[Given data]

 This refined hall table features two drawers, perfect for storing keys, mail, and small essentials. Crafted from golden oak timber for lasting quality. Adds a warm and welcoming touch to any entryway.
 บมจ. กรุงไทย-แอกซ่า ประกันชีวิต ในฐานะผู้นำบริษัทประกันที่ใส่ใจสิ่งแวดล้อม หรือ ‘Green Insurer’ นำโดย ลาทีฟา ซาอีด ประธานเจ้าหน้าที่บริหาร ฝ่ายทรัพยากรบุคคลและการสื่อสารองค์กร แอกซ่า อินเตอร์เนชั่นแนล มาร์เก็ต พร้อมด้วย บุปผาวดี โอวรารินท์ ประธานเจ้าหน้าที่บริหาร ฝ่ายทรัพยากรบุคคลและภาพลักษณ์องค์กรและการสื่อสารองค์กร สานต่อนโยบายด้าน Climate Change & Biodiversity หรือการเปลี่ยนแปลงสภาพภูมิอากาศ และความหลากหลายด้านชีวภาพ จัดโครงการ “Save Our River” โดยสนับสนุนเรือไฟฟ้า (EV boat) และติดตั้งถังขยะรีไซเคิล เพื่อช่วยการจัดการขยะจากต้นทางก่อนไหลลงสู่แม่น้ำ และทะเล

* * *

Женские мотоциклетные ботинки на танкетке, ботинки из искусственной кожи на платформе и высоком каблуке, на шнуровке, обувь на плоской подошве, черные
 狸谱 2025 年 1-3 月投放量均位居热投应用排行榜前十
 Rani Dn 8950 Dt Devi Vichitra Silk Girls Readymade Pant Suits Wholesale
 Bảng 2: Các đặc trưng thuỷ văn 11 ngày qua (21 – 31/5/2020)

[What is expected] From the records above, give again exactly the lines running from the line with "Rani Dn 8950" to the line with "Bảng 2: Các", inclusive.

[Output for this exercise]
 Rani Dn 8950 Dt Devi Vichitra Silk Girls Readymade Pant Suits Wholesale
 Bảng 2: Các đặc trưng thuỷ văn 11 ngày qua (21 – 31/5/2020)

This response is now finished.